The United Nations’ treaty monitoring body for the International Covenant on Economic, Social and Cultural Rights (CESCR) ignored the pro-life laws of four countries under review during its recent 55th session and strongly urged the countries to change their laws or policies on abortion, despite the fact that the treaty does not mention abortion.

And the United Nations is very concerned with promoting gay rights, too.

Life Site News explains:

UN Secretary General Ban Ki-moon promised that homosexual and transgender rights would advance at the United Nations despite the strain it will cause within the organization and between states.

[…]“This is not just a personal commitment, it is an institutional commitment,” he said, promising that he would “continue to fight” and that he would be the “first of many” Secretary Generals to take up LGBT rights, as part of the UN’s “sacred mission” to promote human rights.

Now for those who are more concerned about fiscal issues than social issues, you shouldn’t like the United Nations either.

Here’s a column by Claudia Rossett in The Tower:

The results range from Security Council paralysis to watered-down resolutions that too often fail to solidly reflect U.S. interests. This has not been helped by U.S. policies outlined by President Obama when he told the UN General Assembly in 2009 that “No one nation can or should try to dominate another nation” and “No balance of power among nations will hold.” Far from taking this as an inspiration to live in brotherly peace and fill the communal pot, some of the more opportunistic UN member states appear to have received it as an invitation to grab whatever they can get. Russia and China have been ever more aggressively pursuing anti-American interests, including increasing engagement with terror-sponsoring Iran and actively preventing action to stop the atrocities in Syria. Following a spate of Security Council sanctions resolutions meant to stop Iran’s rogue nuclear program, in 2006, 2007, and 2008, the Council has not produced another since 2010. When civil war engulfed Syria starting in 2011, Russia blocked Security Council action for more than two years, until finally, in Sept., 2013, the U.S. deferred to a Russia-brokered deal to relieve Syria’s Assad regime of its chemical weapons in exchange for effectively shoring up Syria’s President Bashar Assad—and allowing the killing to continue unabated.

In the General Assembly, U.S. money has similarly not bought friendship. On the contrary, U.S. funding has fostered an entitlement culture, in which the U.S. is not only taken for granted as a cash dispenser, but also systematically denounced and defied. Nations deeply hostile to the U.S. have made an art of twisting the UN system, flush with U.S. resources, for their own aims. A prime exhibit is Iran’s current three-year chairmanship (2012-2015) of the so-called Non-Aligned Movement, which with 120 members is the second-largest voting bloc in the UN General Assembly. At the UN’s New York headquarters, the largest voting bloc, the Group of 77, with 133 members, is currently chaired by Bolivia—where the anti-American government maintains close ties to Iran.

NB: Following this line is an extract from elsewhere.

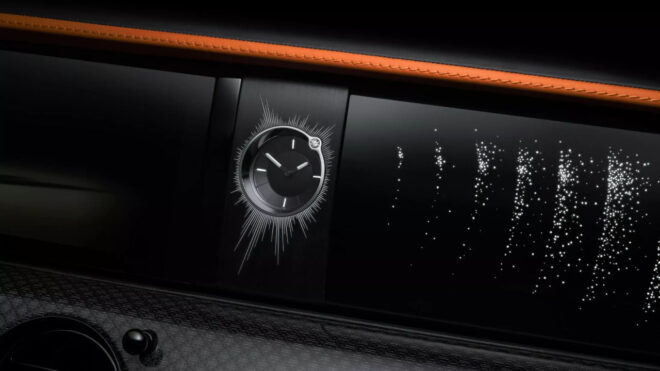 Rolls-Royce Black Badge Ghost Ekleipsis’in aydınlatılmış ön paneli, tam tutulmanın sembolik zaman çizelgesinde lazerle kazınmış 1.846 yıldızla süslenmiş, 100 saatten fazla süren hassas ve titiz bir süreç içerisinde tamamlanmış. Kompozisyon, parlak kesim 0,5 karatlık bir pırlanta içeren bespoke bir saatle doruğa ulaşıyor.

The practical results of such arrangements can be found in the annual reports submitted by the State Department to Congress on “Voting Practices in the United Nations.” The most recent report, released last April and covering 2012, records that of all General Assembly resolutions put to a vote, fewer than half the UN member states—just 42.5 percent—aligned themselves with the U.S. For votes on resolutions the State Department judged “important,” the coincidence of countries voting with the U.S. was even lower: a mere 35.4 percent.

We’re not getting good value for money here… we’d be better off using that money on our own military and military alliances, e.g. – NATO.

And if you care most about foreign policy, well… the United Nations is still not for you.

Claudia Rossett reports on that in Forbes magazine:

Founded in 1945 to promote global peace, human dignity and freedom, the United Nations is celebrating its 70th anniversary — with a parade of dictators. The ceremonies will peak on Monday, at U.N. headquarters in New York, when the General Assembly opens its annual debate with a lineup starring the presidents of such notorious tyrannies as China, Russia, Iran and Cuba.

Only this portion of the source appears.